In my dataframe there are 500 columns in the pattern similar to

GroupNoIDFirstNameLastName (for eg:Column Name=Gr1234AdamSmith,Gr2567DavidBlake.......)

where Gr1, Gr2 = GroupNo; 234, 567 = ID; AdamSmith, DavidBlake = FirstNameLastName

I would like to rename all 500 columns to display their first and Last name Only.

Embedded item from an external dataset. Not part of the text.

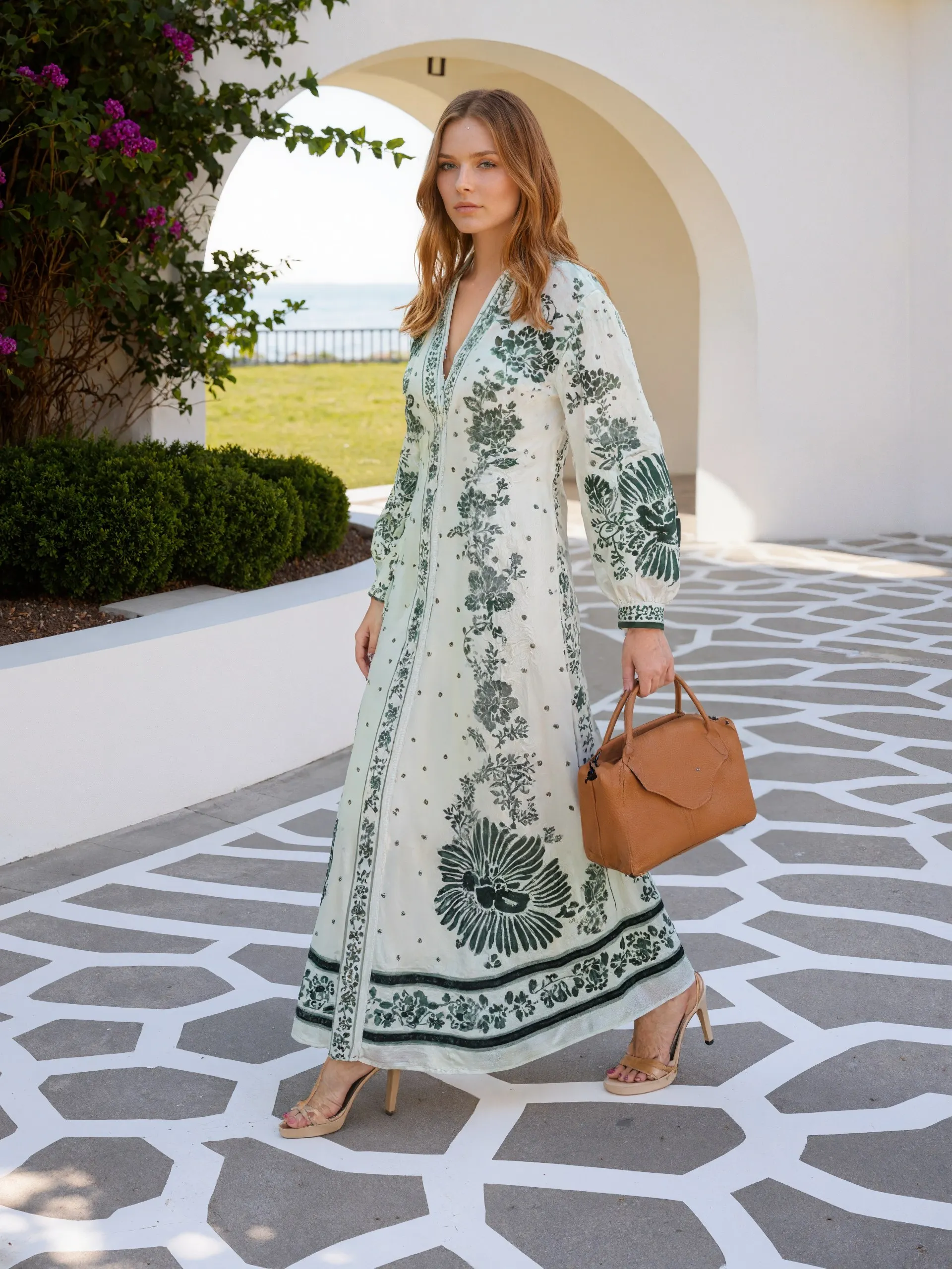 2026 Hot Selling Women Flower Printed Dress Loose Button V Neck Lantern Sleeve Casual Dress Holiday Long Elegant Dress

similar to Adam Smith, David Blake

How would I be able to do this?

Thanks you so much for your help.

2 Answers2

1

Strip the group first by list slice [6:], then from How to do CamelCase split in python, you can split first and last name, then user ' '.join() to get what you want:

import re
def camel_case_split(identifier):
    matches = re.finditer('.+?(?:(?<=[a-z])(?=[A-Z])|(?<=[A-Z])(?=[A-Z][a-z])|$)', identifier)
    return [m.group(0) for m in matches]

#rename (reassign)
df.columns = df.columns.map(lambda x: ' '.join(camel_case_split(x[6:])))
SCKU
  • 783
  • 9
  • 14
0

You can use the rename method of Pandas

import re

def get_first_last(string):
    # 1. Get the last item of split on number of group and ID with regex -> ['Gr', 'AdamSmith']
    fullname = re.split(r'[0-9]+', string)[-1]
    # 2. Match the consecutive camelCase characters and add space between them
    first_last = re.sub(r'([a-z])([A-Z])', '\g<1> \g<2>', fullname)
    return first_last
   
# Get first and lastname for each column in dataframe and rename columns inplace
df.rename(columns={c: get_first_last(c) for c in df.columns}, inplace=True)
chatax
  • 990
  • 3
  • 17